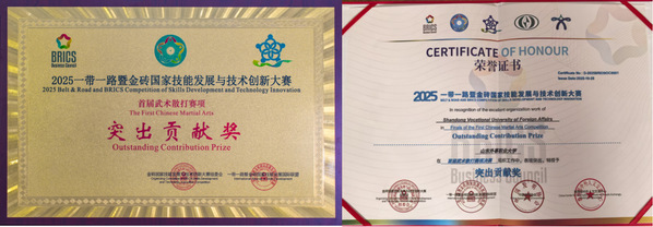 本次比赛由金砖国家工商理事会中方理事会、一带一路暨金砖国家技能发展国际联盟、一带一路暨金砖国家技能发展与技术创新培训中心、中国发明协会、教育部中外人文交流中心联合主办,金砖国家工商理事会技能发展、应用技术与创新中方工作组与山东外事职业大学联合承办,山东省武术院技术指导,菏泽学院、山东中武道文化传播有限公司协办。
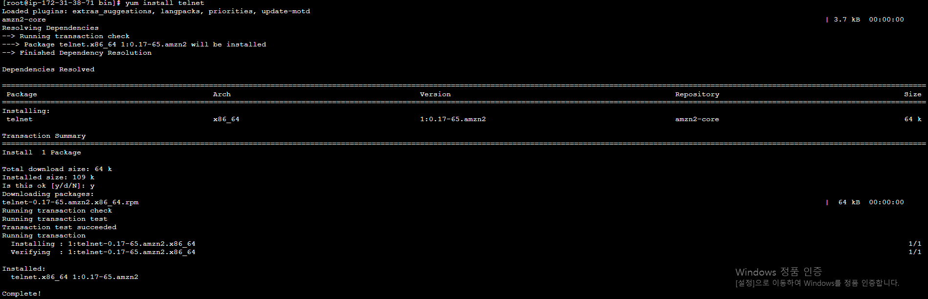yum install telnet 을 작성하고 엔터를 누르고 중간에 y를 눌러주면 telnet 다운로드가 된다.
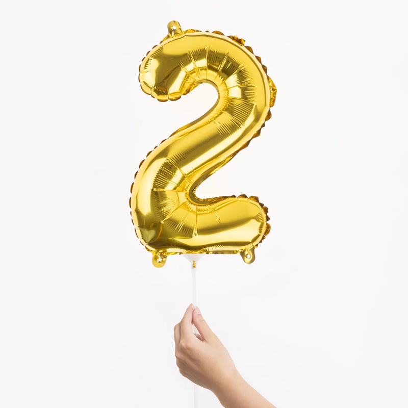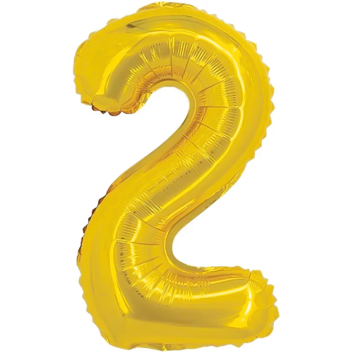 Шар с клапаном (16''/41 см) Мини-цифра, 2, Золото, Металлик, 1 шт., R3172

(Task to complete):
Give the listing again, exactly as it appears, but without its images.

(Output for this task):
 本次比赛由金砖国家工商理事会中方理事会、一带一路暨金砖国家技能发展国际联盟、一带一路暨金砖国家技能发展与技术创新培训中心、中国发明协会、教育部中外人文交流中心联合主办,金砖国家工商理事会技能发展、应用技术与创新中方工作组与山东外事职业大学联合承办,山东省武术院技术指导,菏泽学院、山东中武道文化传播有限公司协办。
yum install telnet 을 작성하고 엔터를 누르고 중간에 y를 눌러주면 telnet 다운로드가 된다.
 Шар с клапаном (16''/41 см) Мини-цифра, 2, Золото, Металлик, 1 шт., R3172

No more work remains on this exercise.